[DATA FOR ANALYSIS]
====

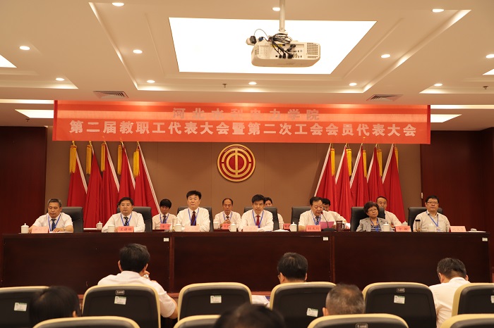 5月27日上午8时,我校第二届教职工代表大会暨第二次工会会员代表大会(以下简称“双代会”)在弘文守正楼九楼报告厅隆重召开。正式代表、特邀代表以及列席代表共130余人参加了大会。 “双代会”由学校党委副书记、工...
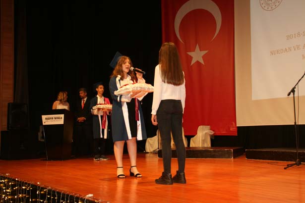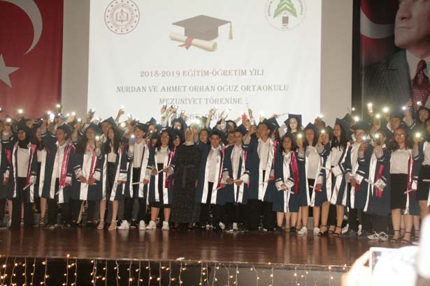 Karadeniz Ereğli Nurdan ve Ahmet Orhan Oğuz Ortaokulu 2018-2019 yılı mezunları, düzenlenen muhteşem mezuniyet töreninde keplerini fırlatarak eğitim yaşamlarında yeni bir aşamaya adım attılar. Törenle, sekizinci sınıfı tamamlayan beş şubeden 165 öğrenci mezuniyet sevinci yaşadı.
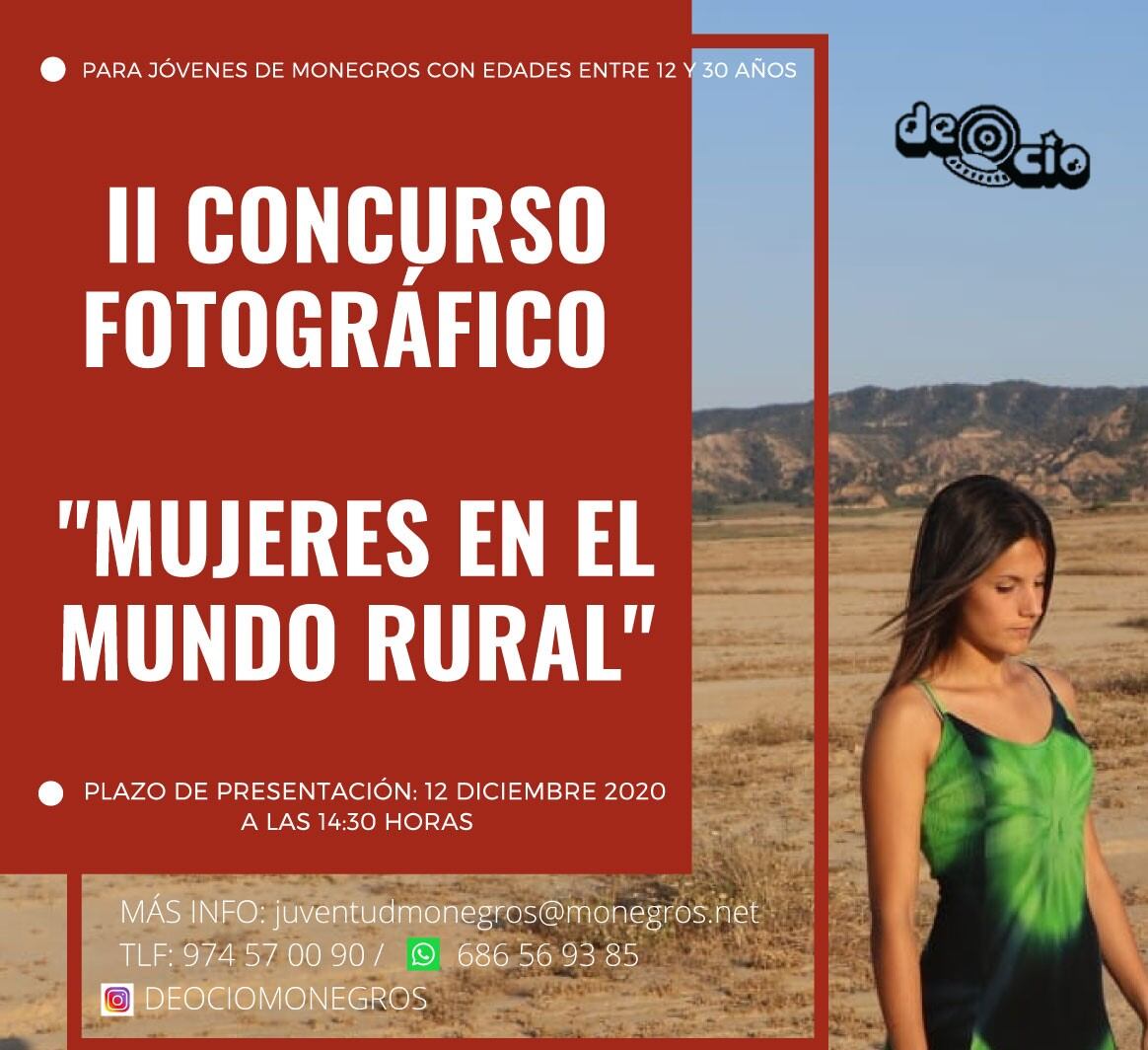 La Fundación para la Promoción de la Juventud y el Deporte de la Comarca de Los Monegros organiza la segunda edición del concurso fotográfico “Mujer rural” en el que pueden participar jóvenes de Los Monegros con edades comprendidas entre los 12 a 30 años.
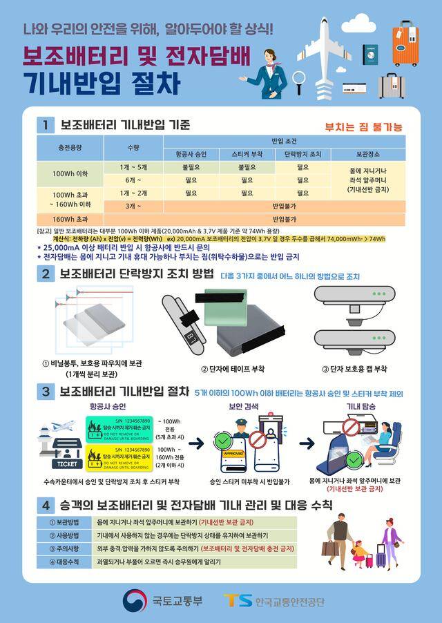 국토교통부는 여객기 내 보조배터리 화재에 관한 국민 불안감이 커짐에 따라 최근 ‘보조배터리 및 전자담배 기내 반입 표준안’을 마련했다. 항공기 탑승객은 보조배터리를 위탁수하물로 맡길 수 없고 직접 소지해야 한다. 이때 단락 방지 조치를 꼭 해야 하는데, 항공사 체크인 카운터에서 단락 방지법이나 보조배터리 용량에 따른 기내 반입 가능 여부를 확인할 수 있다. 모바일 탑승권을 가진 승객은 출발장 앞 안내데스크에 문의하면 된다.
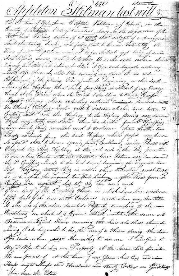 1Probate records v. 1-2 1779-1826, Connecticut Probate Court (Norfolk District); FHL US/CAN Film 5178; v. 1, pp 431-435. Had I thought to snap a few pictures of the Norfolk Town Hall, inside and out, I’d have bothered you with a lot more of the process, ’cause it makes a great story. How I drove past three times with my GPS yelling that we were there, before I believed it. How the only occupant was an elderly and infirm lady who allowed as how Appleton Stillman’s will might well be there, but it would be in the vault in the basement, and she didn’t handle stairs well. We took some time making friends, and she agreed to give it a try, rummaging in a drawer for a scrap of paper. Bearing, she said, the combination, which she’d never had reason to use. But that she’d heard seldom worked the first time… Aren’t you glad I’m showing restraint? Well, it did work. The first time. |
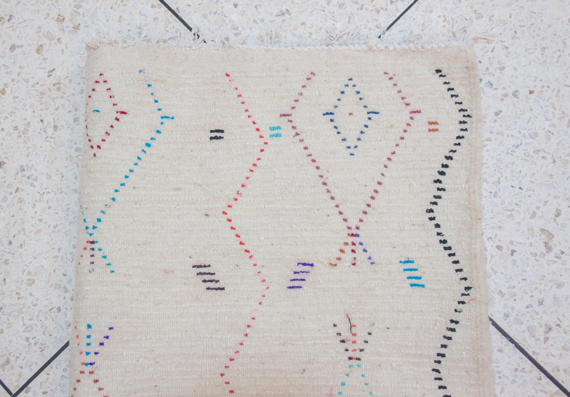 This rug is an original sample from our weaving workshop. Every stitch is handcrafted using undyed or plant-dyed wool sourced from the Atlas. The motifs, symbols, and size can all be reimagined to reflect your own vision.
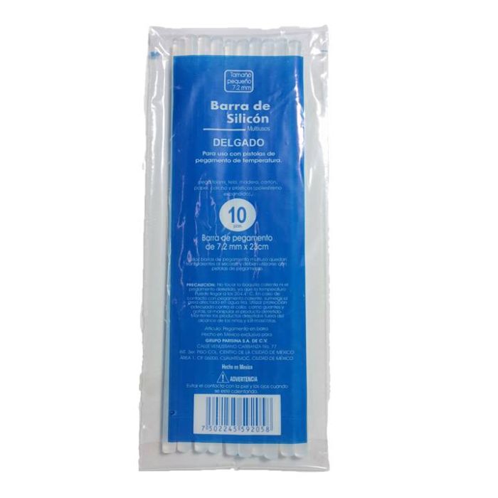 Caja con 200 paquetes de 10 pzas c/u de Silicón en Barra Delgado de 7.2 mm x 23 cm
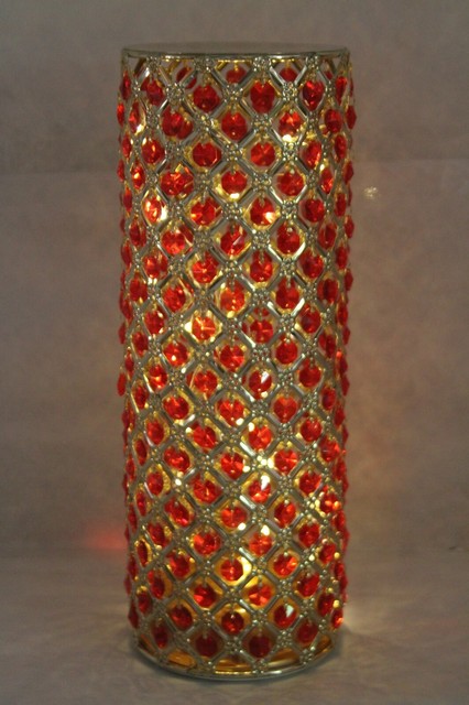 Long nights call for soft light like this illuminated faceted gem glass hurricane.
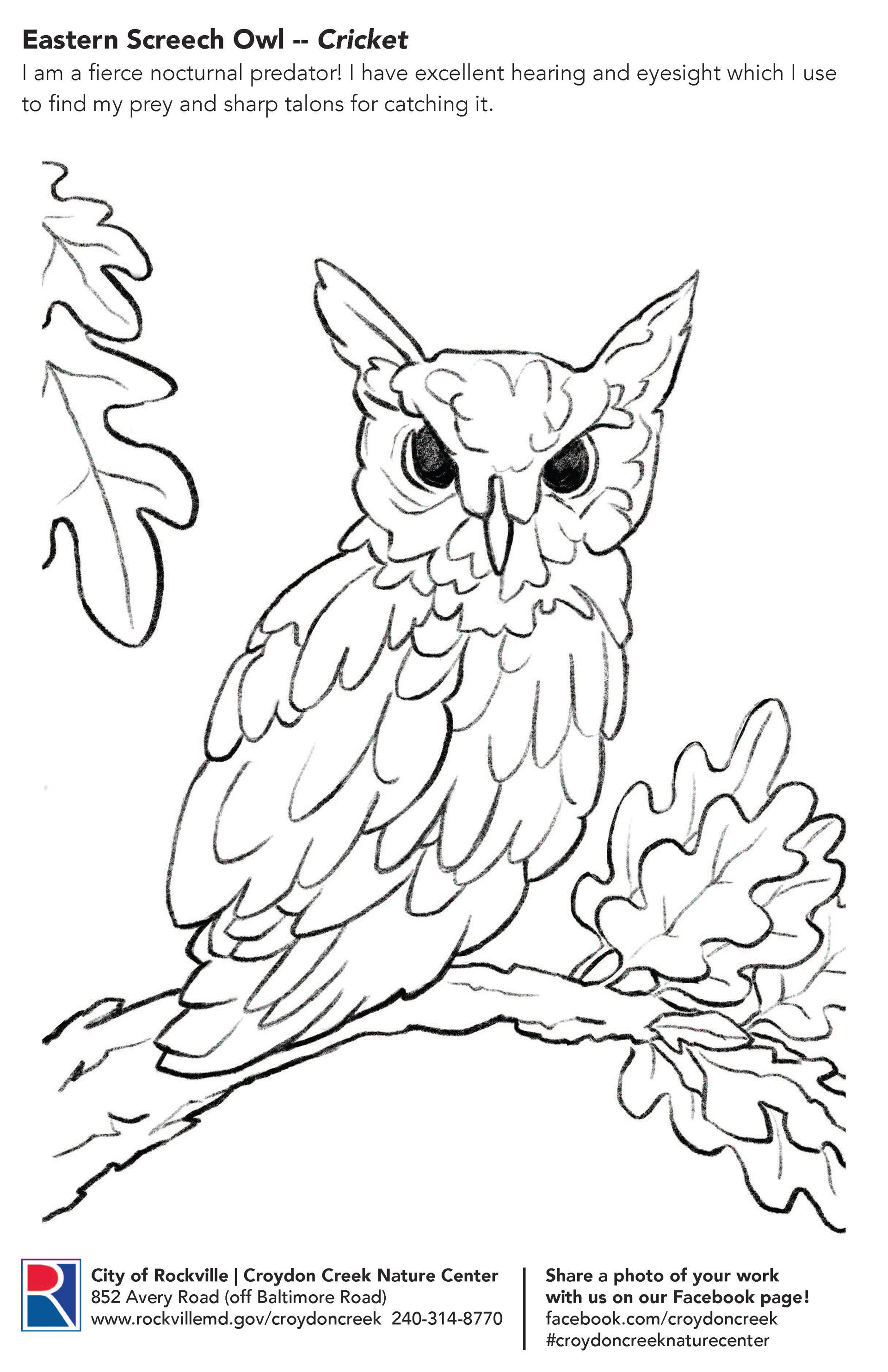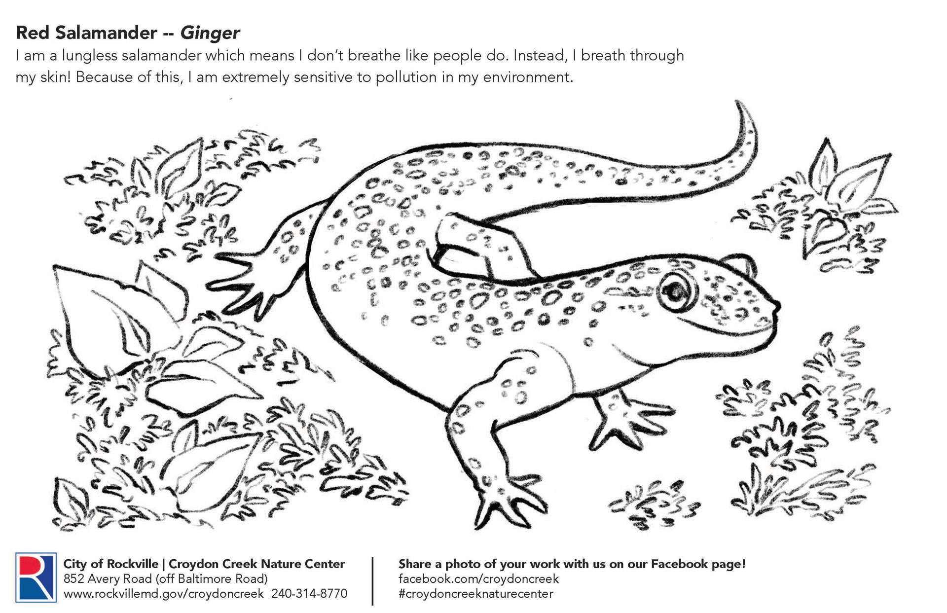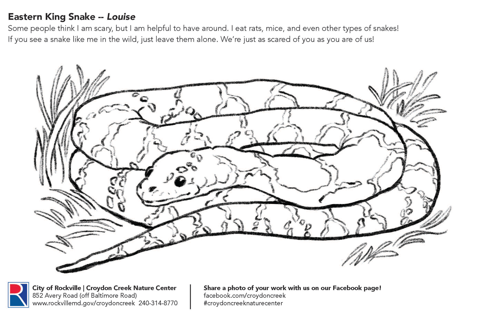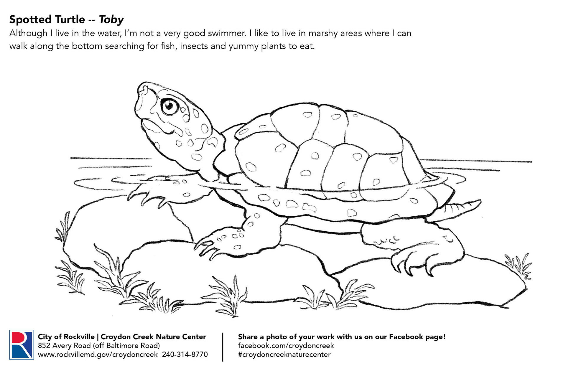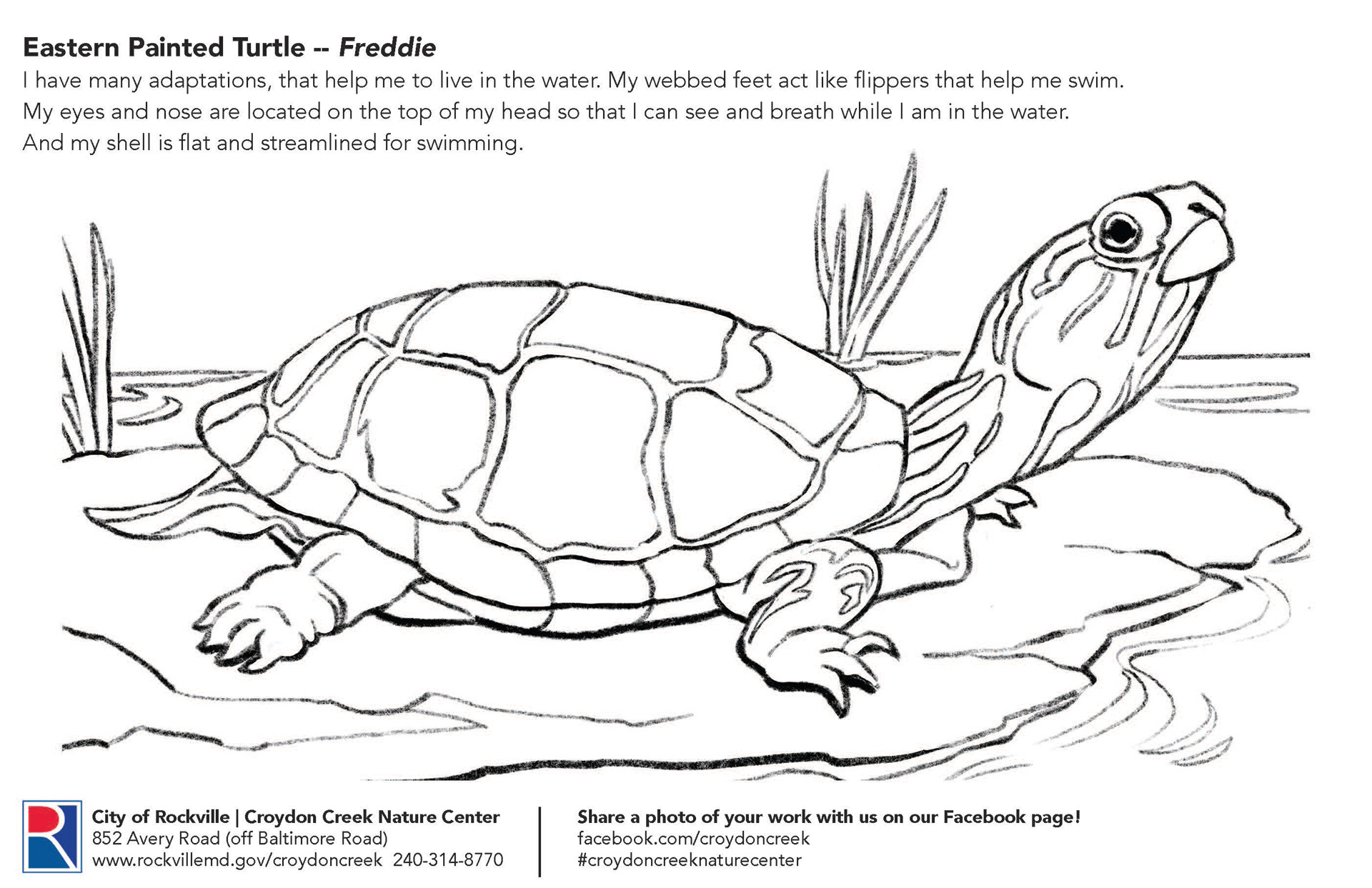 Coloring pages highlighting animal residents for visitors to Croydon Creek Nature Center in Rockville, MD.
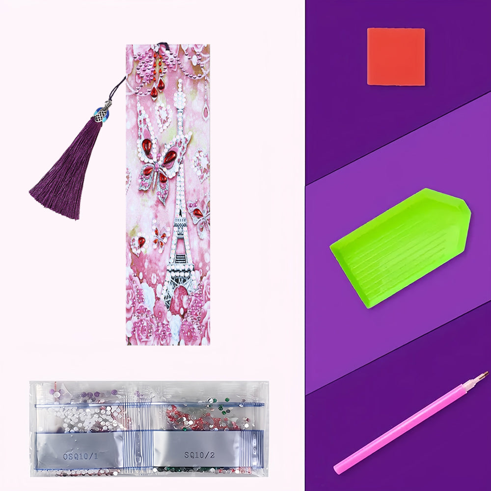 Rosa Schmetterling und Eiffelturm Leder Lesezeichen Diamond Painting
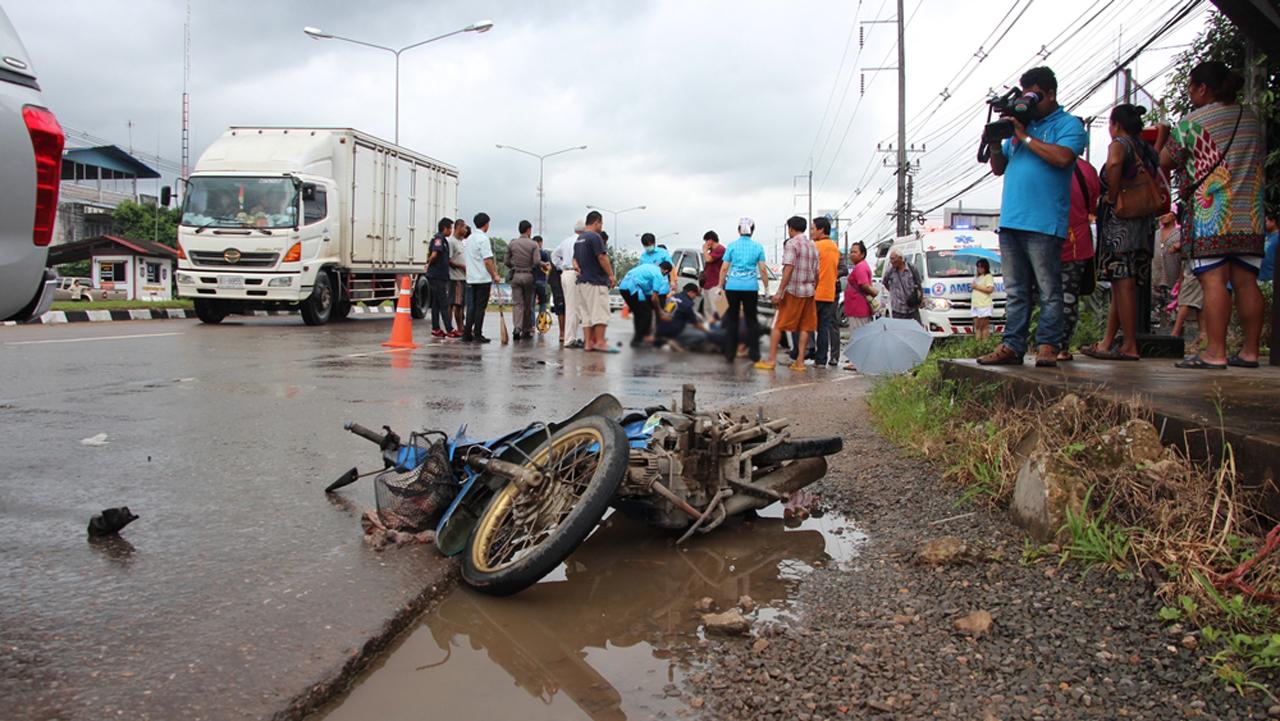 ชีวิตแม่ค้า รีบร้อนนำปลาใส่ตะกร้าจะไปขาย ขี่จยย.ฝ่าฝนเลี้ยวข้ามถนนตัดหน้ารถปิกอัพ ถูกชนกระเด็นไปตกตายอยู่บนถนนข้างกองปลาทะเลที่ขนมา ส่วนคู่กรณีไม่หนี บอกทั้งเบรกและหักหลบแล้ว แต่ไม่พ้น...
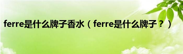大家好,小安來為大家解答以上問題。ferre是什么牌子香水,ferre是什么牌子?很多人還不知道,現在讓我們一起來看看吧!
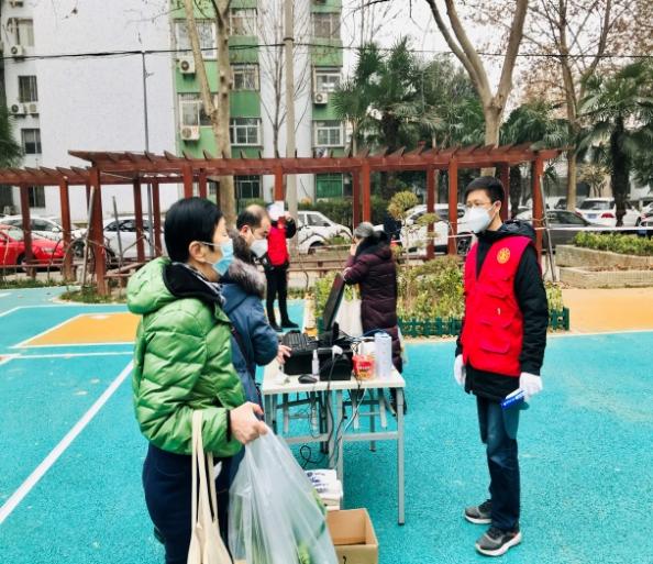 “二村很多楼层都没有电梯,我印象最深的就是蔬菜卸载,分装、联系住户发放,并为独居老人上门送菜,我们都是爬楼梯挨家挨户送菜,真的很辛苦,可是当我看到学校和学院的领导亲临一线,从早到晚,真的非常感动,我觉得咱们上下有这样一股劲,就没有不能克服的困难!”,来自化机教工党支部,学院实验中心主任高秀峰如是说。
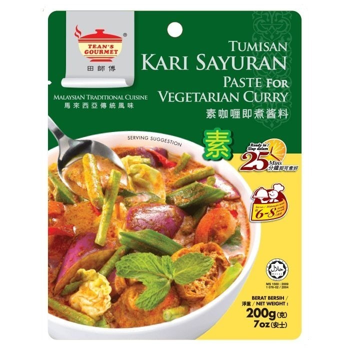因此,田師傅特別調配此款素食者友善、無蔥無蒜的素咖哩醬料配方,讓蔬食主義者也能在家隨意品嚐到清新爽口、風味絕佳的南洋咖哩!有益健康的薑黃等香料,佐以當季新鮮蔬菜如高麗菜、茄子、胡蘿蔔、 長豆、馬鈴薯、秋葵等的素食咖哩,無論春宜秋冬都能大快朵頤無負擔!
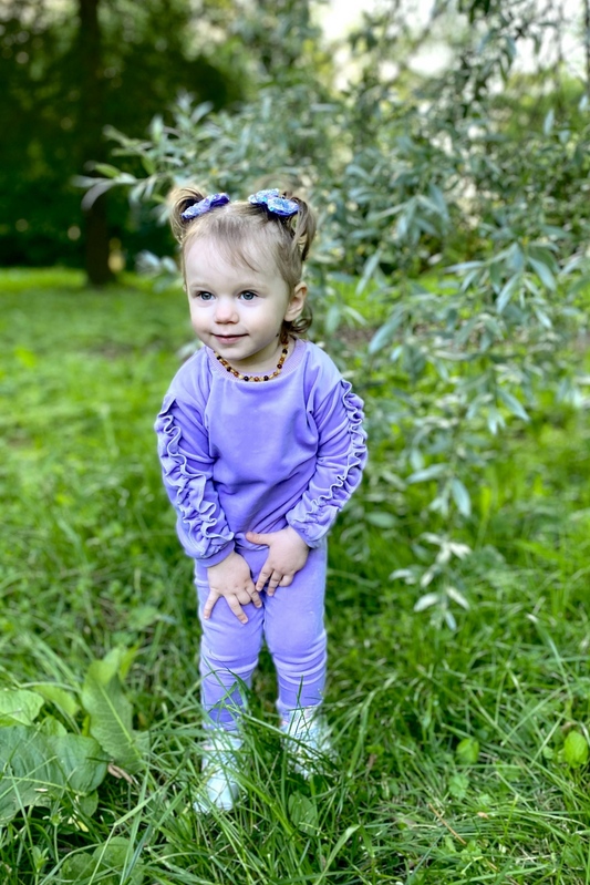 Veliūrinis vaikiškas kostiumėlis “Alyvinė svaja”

====

[WHAT IS BEING ASKED] A word-for-word copy of the lines from the start of the listing through the line containing "국토교통부는 여객기 내" is the answer. Pictures stay out of it.

[WRITTEN REPLY]
 5月27日上午8时,我校第二届教职工代表大会暨第二次工会会员代表大会(以下简称“双代会”)在弘文守正楼九楼报告厅隆重召开。正式代表、特邀代表以及列席代表共130余人参加了大会。 “双代会”由学校党委副书记、工...
 Karadeniz Ereğli Nurdan ve Ahmet Orhan Oğuz Ortaokulu 2018-2019 yılı mezunları, düzenlenen muhteşem mezuniyet töreninde keplerini fırlatarak eğitim yaşamlarında yeni bir aşamaya adım attılar. Törenle, sekizinci sınıfı tamamlayan beş şubeden 165 öğrenci mezuniyet sevinci yaşadı.
 La Fundación para la Promoción de la Juventud y el Deporte de la Comarca de Los Monegros organiza la segunda edición del concurso fotográfico “Mujer rural” en el que pueden participar jóvenes de Los Monegros con edades comprendidas entre los 12 a 30 años.
 국토교통부는 여객기 내 보조배터리 화재에 관한 국민 불안감이 커짐에 따라 최근 ‘보조배터리 및 전자담배 기내 반입 표준안’을 마련했다. 항공기 탑승객은 보조배터리를 위탁수하물로 맡길 수 없고 직접 소지해야 한다. 이때 단락 방지 조치를 꼭 해야 하는데, 항공사 체크인 카운터에서 단락 방지법이나 보조배터리 용량에 따른 기내 반입 가능 여부를 확인할 수 있다. 모바일 탑승권을 가진 승객은 출발장 앞 안내데스크에 문의하면 된다.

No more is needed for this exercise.